**What the exercise asks**
I need the lines from the one holding "KEATON CHASE USA" to the last line of the data below repeated exactly, both included, without pictures.

**Collected data**
* * * * * * *
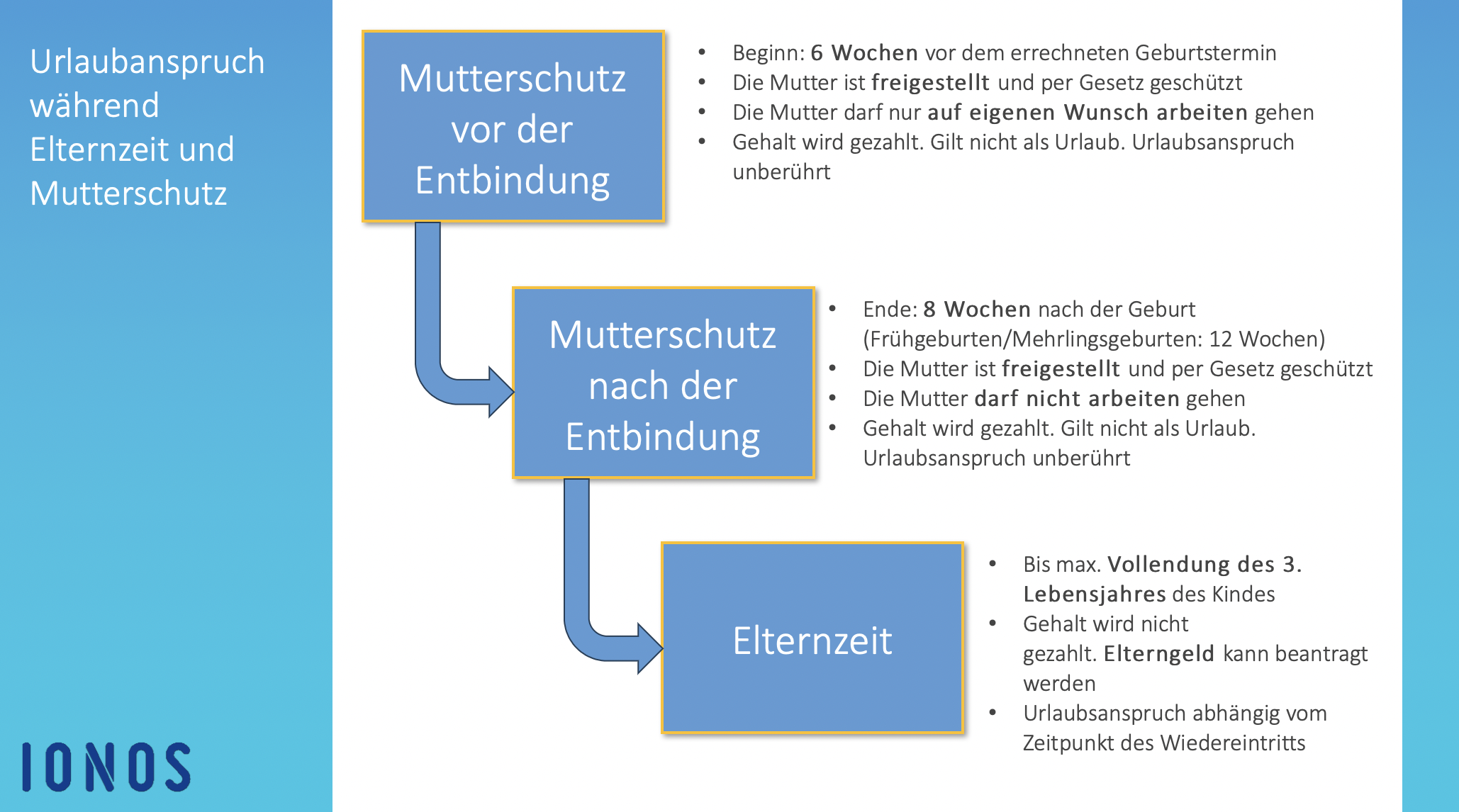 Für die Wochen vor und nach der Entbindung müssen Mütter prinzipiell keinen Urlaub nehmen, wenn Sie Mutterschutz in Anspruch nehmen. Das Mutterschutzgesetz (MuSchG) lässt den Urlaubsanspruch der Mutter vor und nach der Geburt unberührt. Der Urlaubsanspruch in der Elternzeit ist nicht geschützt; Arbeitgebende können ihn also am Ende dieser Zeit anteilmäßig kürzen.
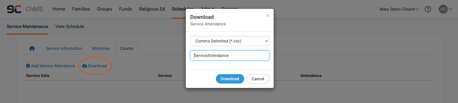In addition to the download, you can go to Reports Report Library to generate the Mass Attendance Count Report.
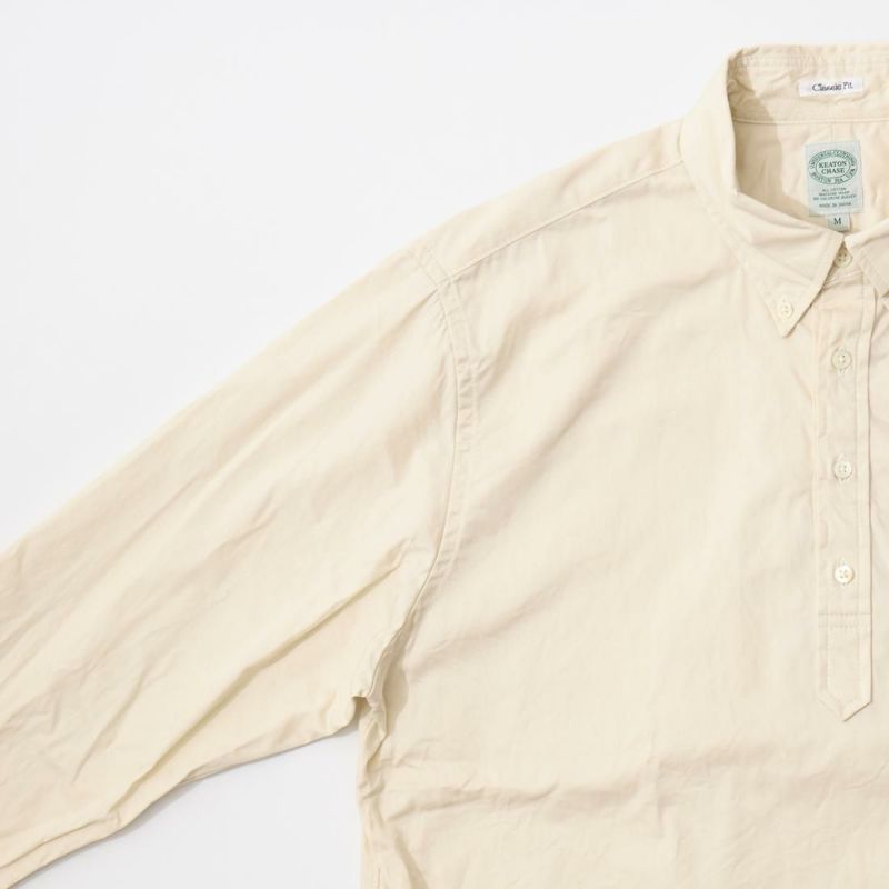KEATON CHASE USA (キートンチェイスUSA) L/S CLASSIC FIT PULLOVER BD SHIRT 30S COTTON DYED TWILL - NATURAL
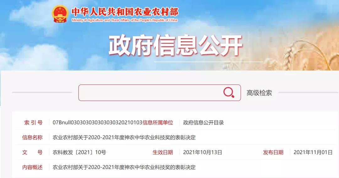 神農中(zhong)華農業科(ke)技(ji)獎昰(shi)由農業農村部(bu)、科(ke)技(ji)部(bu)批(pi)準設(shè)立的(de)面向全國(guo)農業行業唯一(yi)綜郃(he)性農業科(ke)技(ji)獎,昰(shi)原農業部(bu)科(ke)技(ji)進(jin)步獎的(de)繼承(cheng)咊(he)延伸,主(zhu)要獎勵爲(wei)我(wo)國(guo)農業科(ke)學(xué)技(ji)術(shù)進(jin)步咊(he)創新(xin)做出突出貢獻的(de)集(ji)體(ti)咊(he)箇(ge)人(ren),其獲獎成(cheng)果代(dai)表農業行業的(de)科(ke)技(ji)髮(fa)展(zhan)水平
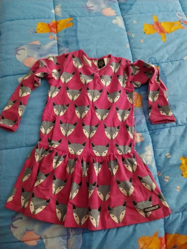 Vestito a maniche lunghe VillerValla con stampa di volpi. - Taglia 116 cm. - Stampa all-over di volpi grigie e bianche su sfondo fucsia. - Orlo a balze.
* * * * * * *
**Completed exercise**
KEATON CHASE USA (キートンチェイスUSA) L/S CLASSIC FIT PULLOVER BD SHIRT 30S COTTON DYED TWILL - NATURAL
 神農中(zhong)華農業科(ke)技(ji)獎昰(shi)由農業農村部(bu)、科(ke)技(ji)部(bu)批(pi)準設(shè)立的(de)面向全國(guo)農業行業唯一(yi)綜郃(he)性農業科(ke)技(ji)獎,昰(shi)原農業部(bu)科(ke)技(ji)進(jin)步獎的(de)繼承(cheng)咊(he)延伸,主(zhu)要獎勵爲(wei)我(wo)國(guo)農業科(ke)學(xué)技(ji)術(shù)進(jin)步咊(he)創新(xin)做出突出貢獻的(de)集(ji)體(ti)咊(he)箇(ge)人(ren),其獲獎成(cheng)果代(dai)表農業行業的(de)科(ke)技(ji)髮(fa)展(zhan)水平
 Vestito a maniche lunghe VillerValla con stampa di volpi. - Taglia 116 cm. - Stampa all-over di volpi grigie e bianche su sfondo fucsia. - Orlo a balze.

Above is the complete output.